Racial-ethnic minorities (NHAA and Hispanics) had a younger median age than NHW in our analysis, which has significant implications on outcomes, as age has been noted as an independent prognostic factor in MM3. The gender distribution differences are not necessarily representative of disease incidence by age but may suggest access to and enrollment into clinical trials. Among Hispanics, males were more commonly enrolled as compared to NHAA and NHW. These trends may be helpful in addressing clinical trial enrollment in the future and making sure that access is uniform among demographic subgroups including gender among race-ethnicities. Obesity has been noted as an independent risk factor for MM in several large analyses21. It has been reported that obesity is a more prevalent problem in racial-ethnic minorities in the U.S., thus possibly putting them at a higher risk of developing MM22,23. While we noted a higher incidence of obesity among the NHAA in our cohort, patient BMI controlling for race-ethnic categories was not associated with differences in PFS or OS. It seems access to effective therapy with clinical trial participation overcame any potential effects of obesity on outcomes. To our knowledge, no prior analysis has looked at patient outcomes in MM by obesity rates and race.

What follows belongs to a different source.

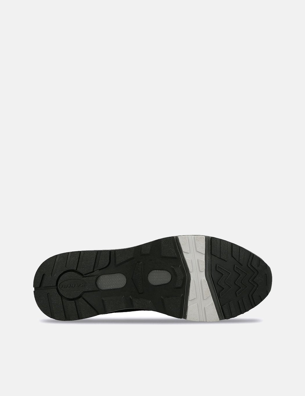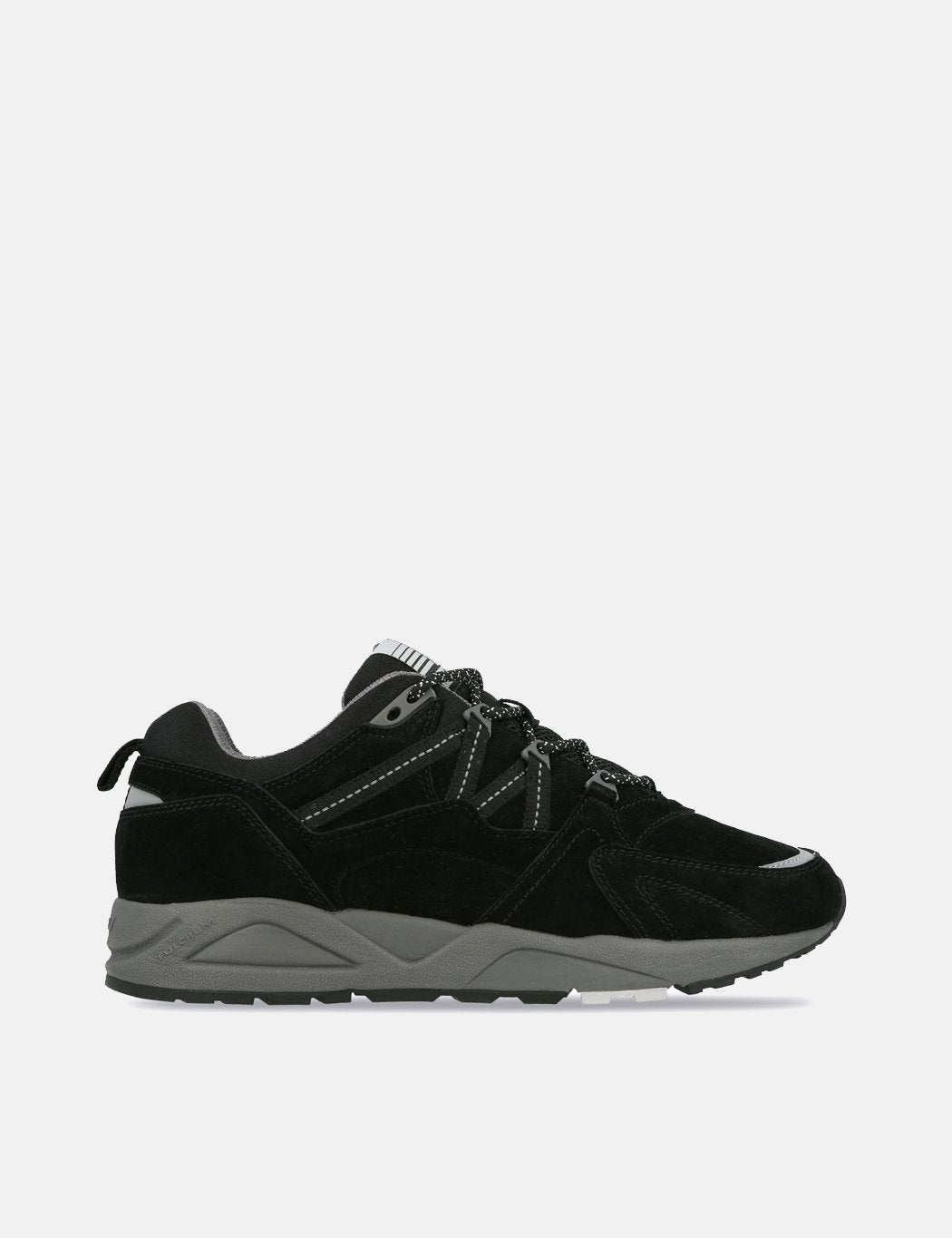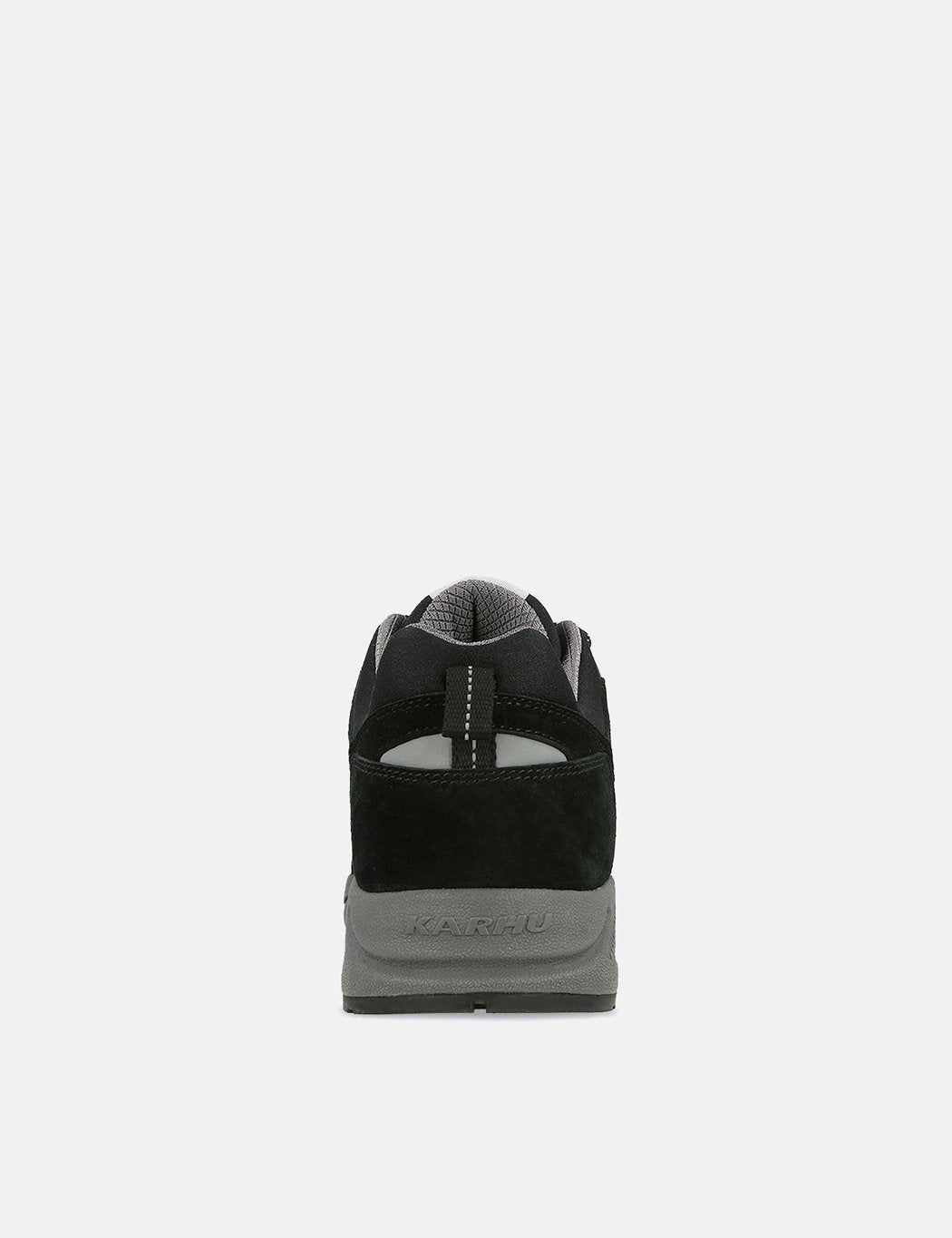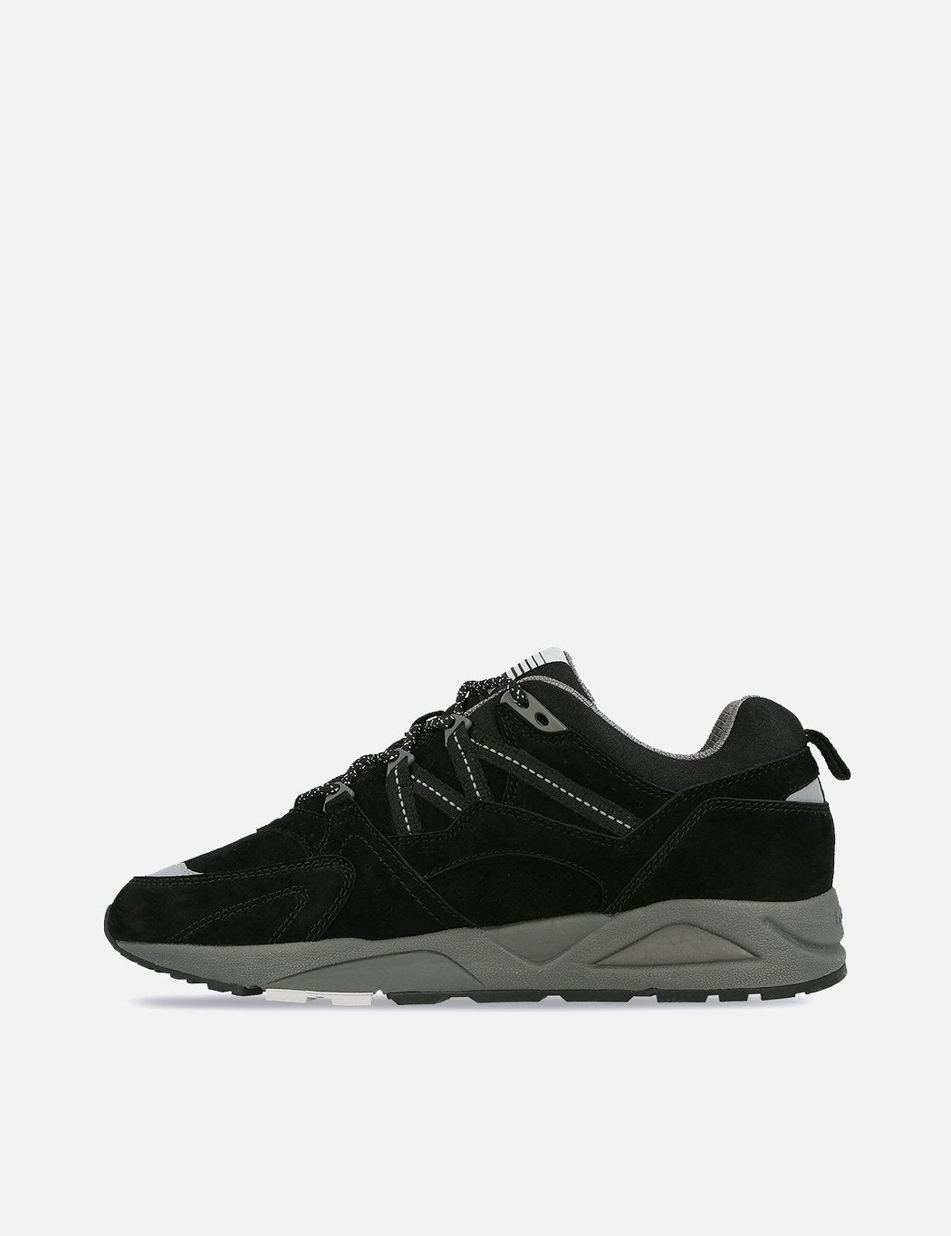 The Karhu Fusion 2.0 in black with grey accent tones on sole unit and inner lining. Featuring a full pigskin suede upper, signature Karhu rope laces and metal lace loops.

We report significant differences in certain laboratory parameters associated with more aggressive disease, including higher incidence of significant anemia and LDH in NHAA. Other reports have also shown a higher incidence of certain myeloma-defining events, including anemia, in NHAA10. Furthermore, in our analysis clinical and demographic parameters, including advanced age, higher disease stage, poor performance status, presence of lytic bony lesions, significant anemia, hypercalcemia and renal dysfunction, were associated with worse outcomes, similar to prior reports24. Our observation is important, as, despite adverse prognostic markers in certain racial-ethnic groups, patients had similar response rates and survival, underscoring the importance of access to appropriate therapeutic options, e.g., participation in clinical trials. To this end, we report that there were no differences in objective response rates, PFS, or OS by race-ethnicity across the nine included national clinical trials. While there was heterogeneity in the clinical trials included, the proportion of minority enrollment was similar across various trials, rendering validity to this unique observation. This is in accordance with smaller previous reports that have evaluated single-institution or single-trial data13,14. We confirm these findings on a larger scale spanning many more years of patient care.

We report the analysis from a large, prospectively collected national data, which shows low clinical trial accruals for racial-ethnic minorities. Nevertheless, despite heterogeneity in patient characteristics including some poor-risk features, patients from racial-ethnic minorities had similar outcomes to NHW, the most numerous group. This underscores the therapeutic benefit that evidence-based and novel treatment options, typically offered in prevalent clinical trials, bring to patients. Ongoing efforts regarding improving clinical trial accrual in the U.S., especially among racial-ethnic minorities, need to be strengthened further, which may require a concerted focus from patients, health-care and advocacy groups as well as political will.